The Federal Housing Finance Agency confirmed on Thursday that the two GSEs will pay their fourth quarter dividends to the Treasury as scheduled. As we reported here earlier this week, there is growing concern about the ultimate result of the net dividend sweep, in which each of the GSEs is required pay Treasury all of the previous quarter's profits, less a steadily reserving cash reserve. That reserve reaches zero at the end of this year, leaving the GSE's with no capital with which to manage any downturn in the housing market. Concern about the GSE's capital reserves sparked a letter to Treasury and FHFA from eight lender and advocacy groups asking FHFA so suspend the upcoming dividend.
According to Inside Housing, the "chatter" about this dividend, which will put $10 billion into the general fund, became so loud that five members of the Senate Banking Committee wrote to FHFA Director Mel Watt "warning him about taking any administrative action to change the dividend payment." The letter reportedly also at least attempted to seize any ultimate decisions about the Senior Preferred Stock Agreement between FHFA and Treasury, which mandates the net sweep, away from the signatory parties and give it to congress.

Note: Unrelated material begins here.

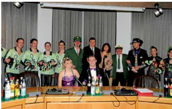
Manchings Rathausspitze wurde durch das Manschuko-Prinzenpaar und die Ordnungshüter verhaftet. Max Schmidtnr

Wirtschaft und verkündeten unter trauerndem Geheul die letzten Stunden an, die am Aschermittwoch endeten. Nach dem feurigen Spektakel auf der Brücke, das rund 1000 Zuschauer verfolgten, steuerten die Faschingsmacher den Manching Hof an, um dort noch einmal das gesamte Programm einschließlich der Jugendtanzgruppen in Trauerkleidung vorzuführen. Wenn auch zum Abschluss bei einigen Akteuren leicht Tränen flossen, freuen sich viele wieder, wenn es heißt „Auf geht's bei Manschuko“. Max Schmidtnr

In related news, Bloomberg reports that two senators, Bob Corker (R-TN) and Mark Warner (D-VA), both of whom signed the above referenced letter, are moving to resolve the overarching GSE question - what should happen to them?
Aides to the two have begun meeting with industry groups and "former government officials" to discuss the matter. Senator Mike Crapo (R-ID) who chairs the Banking Committee has also begun to work on consensus building over the issue.
Joe Light, author of the Bloomberg article, notes that resolving the GSE issue will not be easy. Corker and Warner were behind a failed 2014 attend to end the GSE conservatorship but "many Republicans would rather see the companies killed off than have them continue buying mortgages with government backing." In addition, the Administration, "while calling housing-finance reform a priority, hasn't yet given an indication of what direction it wants to go, and if it takes a strong view, that could up-end whatever course lawmakers settle on."
And, as we noted earlier this week, there are also several lawsuits brought by hedge funds which invested heavily in both Freddie and Fannie's stock after they were placed in conservatorship, challenging both the net sweep and the constitutionality of the FHFA itself.